As more organizations commit to achieving net-zero greenhouse gas (GHG) emissions by 2050, they are increasingly considering the scope of the emissions included in that goal. In 2022, that scope will widen significantly for chemical companies in response to shareholder and customer pressure.
Takeaways
• The chemical industry’s customers are demanding carbon reduction up and down the value chain.
• Most chemical companies report upstream and downstream emissions; few detail reduction plans.
• Changing feedstocks is one powerful way chemical firms can reduce upstream emissions.

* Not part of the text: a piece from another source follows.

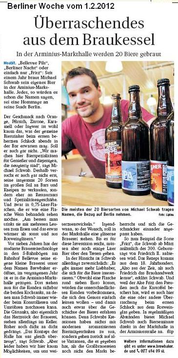Die 20 Biere vom BrewBaker in der Berliner Woche vom 1.2.2012.
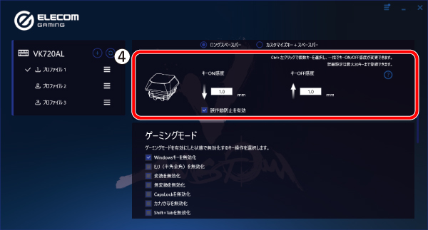 ゲーミングモードについては、「ELECOM GAMING Tool(EG Tool)で設定する」-「ゲーミングモードを設定する」をご覧ください。

Almost all chemical companies have specific and public targets for reducing what are known as scope 1 and 2 emissions: the carbon emitted from their manufacturing processes and from generating the energy to run their overall operations, respectively.

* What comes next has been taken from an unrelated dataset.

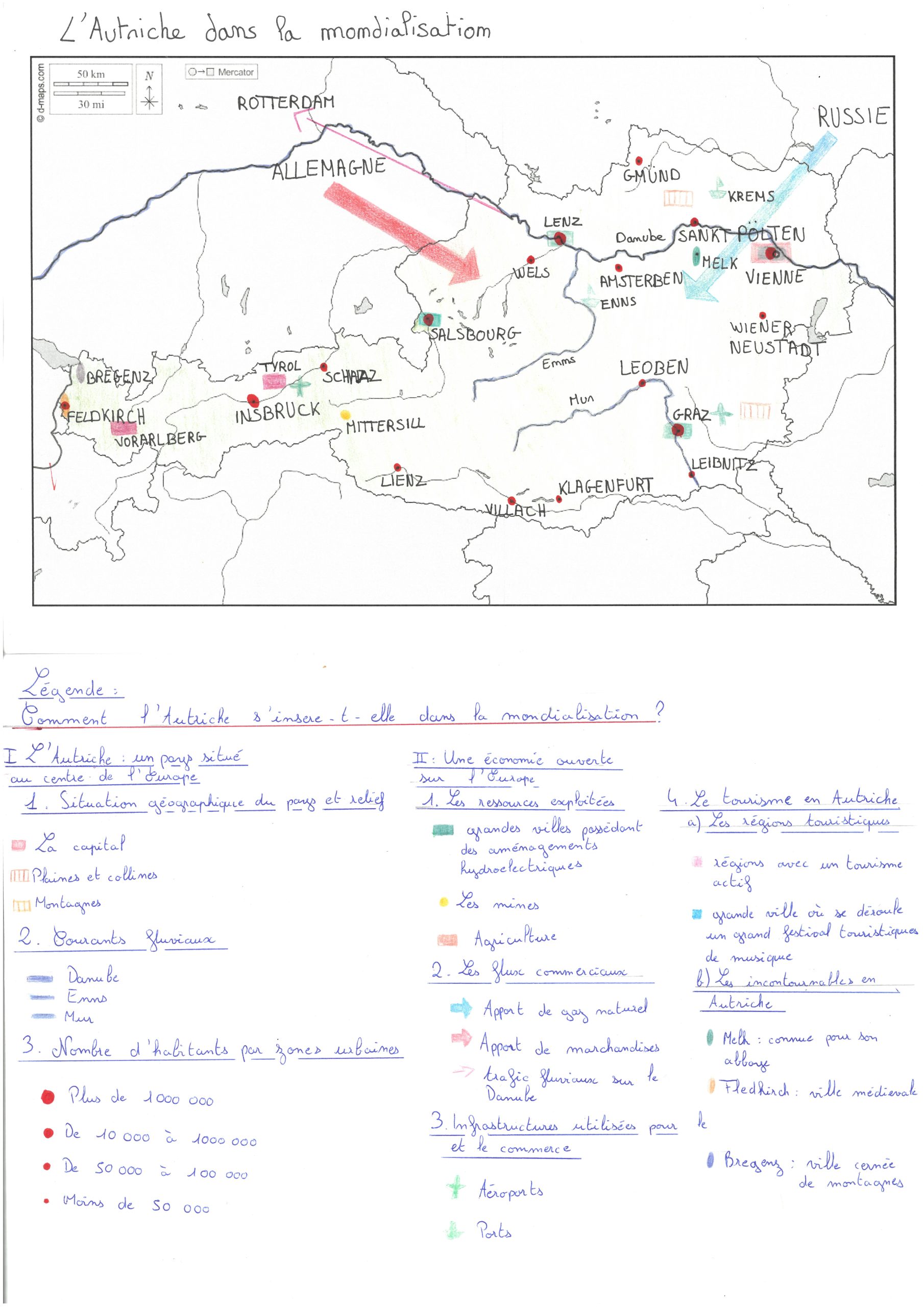 Comme je l’ ai dit au début de mon commentaire votre légende ne manque pas d’ informations, sur ça pas de doute possible . mais je me pose une question .Vous avez bien parlé de ce que le pays reçoit comme importation , de ce qu’il produit pas pas de ce qu’il exporte et vers qui . Je trouve cela un peu dommage car c’ est un peu un élément clé de la mondialisation . Maintenant vous n’ êtes pas hors sujet car, comme je l’ ai dit à l’instant, vous parler des principaux alliés économiques importateurs de l’ Autriche ainsi des principales sources économiques du territoire sur lequel vous travaillez . Aussi vous avez mis tous les noms des villes présentent sur votre carte mais était-ce bien nécessaire ? A mon avis non car certaines ont juste comme informations les concernant leur nombre d’ habitants . Je pense que vous auriez pu vous contenter juste de celle où il pouvait s’ y dérouler des importants évènements . Pour résumer : mettez plus de couleur , éviter le système de la taille des figurés pour les différencier et il est clair que votre point fors c’ est l’information . Bonne continuation

Information about scope 3 emissions—the upstream carbon footprint of raw materials and the downstream emissions associated with the use and disposal of products—is harder to find in sustainability reports and other corporate documents. And most companies don’t include scope 3 emissions in their publicized emission reduction goals.

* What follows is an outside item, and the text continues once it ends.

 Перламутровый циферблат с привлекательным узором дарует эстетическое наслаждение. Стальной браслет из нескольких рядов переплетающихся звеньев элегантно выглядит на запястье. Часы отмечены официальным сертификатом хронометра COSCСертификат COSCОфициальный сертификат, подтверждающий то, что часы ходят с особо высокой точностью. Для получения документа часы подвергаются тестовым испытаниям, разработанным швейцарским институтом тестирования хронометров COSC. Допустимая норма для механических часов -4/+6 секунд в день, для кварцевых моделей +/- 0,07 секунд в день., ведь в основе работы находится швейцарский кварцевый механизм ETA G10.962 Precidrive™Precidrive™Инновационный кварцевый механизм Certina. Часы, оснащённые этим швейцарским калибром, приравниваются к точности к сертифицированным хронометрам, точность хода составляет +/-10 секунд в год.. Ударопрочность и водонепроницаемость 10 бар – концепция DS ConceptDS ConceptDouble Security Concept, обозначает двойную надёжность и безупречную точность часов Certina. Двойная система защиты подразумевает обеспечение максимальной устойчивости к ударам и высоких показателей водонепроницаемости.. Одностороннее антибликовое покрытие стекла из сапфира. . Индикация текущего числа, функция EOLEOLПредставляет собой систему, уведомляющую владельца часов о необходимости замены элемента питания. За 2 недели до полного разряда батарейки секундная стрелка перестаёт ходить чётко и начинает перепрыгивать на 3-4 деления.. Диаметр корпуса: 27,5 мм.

In 2022, the norm in the chemical industry will start moving from measuring and reporting scope 3 emissions toward making plans and setting public goals to reduce them. The push to do this will come largely from the industry’s customers, which are demanding that suppliers rapidly cut all types of emissions.
David Yankovitz, who leads the chemical group at the consulting firm Deloitte, says scope 3 emissions are on the minds of the industry’s sustainability executives, but few firms have detailed plans to reduce them. Because chemical firms are often far removed from their products’ final uses, he says, it can be hard to calculate scope 3 emissions.
The industrial gas company Linde offers one of the more robust treatments of scope 3 emissions among the firms C&EN analyzed, but even it doesn’t try to make a complete accounting of them. “Linde is at the beginning of numerous value chains and provides many intermediate products with many downstream applications, each of which has a very different GHG profile,” the firm says in its Sustainable Development Report 2020. “Linde does not estimate the downstream emissions associated with the various end uses of all its products.” That sentiment echoes throughout the chemical industry.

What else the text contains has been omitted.